I thought their judgment was well-founded.

Indian banks may not be role models for global finance, but they make far fewer mistakes than Chinese banks.

A research report by the consulting firm McKinsey showed that until 2001, only about 10% of India's bank assets were non-performing loans.

That's about as much as India is willing to admit.

According to a report in India's "Economic Times" on November 18, 2003, by the end of March of that year, the total non-performing assets of the Indian banking system had decreased by more than 20 billion rupees, accounting for 4.4% of net assets.

For similar figures in my memory, the non-performing asset rate that China's banking industry is willing to admit is at least 25%.

There is even a gap between China's capital market and India's.

In the past two years, the prosperity of China's barter trading market has amazed the world, but the stock market has performed appalling fraud and a unique global plunge.

According to statistics, at least 800 billion yuan in market value has been wiped out.

In 2003, the performance of the Indian stock market and its economic growth complemented each other, making domestic and foreign investors smile.

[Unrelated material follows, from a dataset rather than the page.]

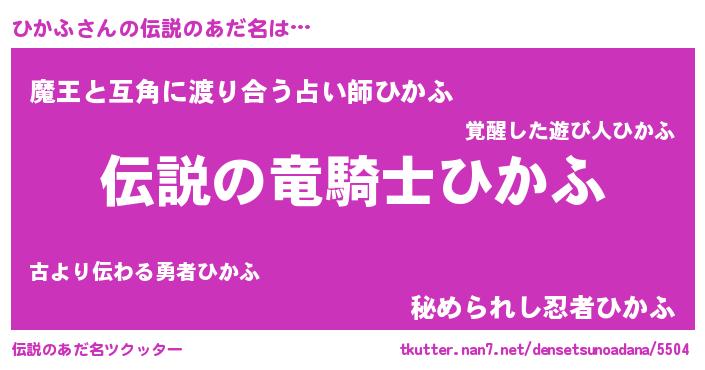 | 自動車の名前っぽいあだ名 | 『フェヒーカ』『ヒカティマ』『ヒンR』 |

Sanjiv Duga, the Indian fund manager of HSBC Investment Management, pointed out that the continued rise of the Indian stock market has attracted a large number of foreign investors. In November 2003, capital inflows hit a record high, and the situation in December was equally optimistic.

The Bombay BSE index, an indicator of the Indian stock market, closed at 5541.3 points on December 19, a cumulative increase of 64.19% from 3374.9 points at the end of 2002, giving all Indian funds a bumper harvest.

The six Indian funds that can be invested in Hong Kong had returns in 2003 ranging from 73.76% to 106.38%, and their upward trend has not stopped.

The high-end market scenes of China and India are very different, which shows that China's market operations have higher costs and expenses, and that India can reduce market expenses more effectively than China.

In this regard, India can serve as a teacher for China.

●Many savings of Chinese people have been wasted.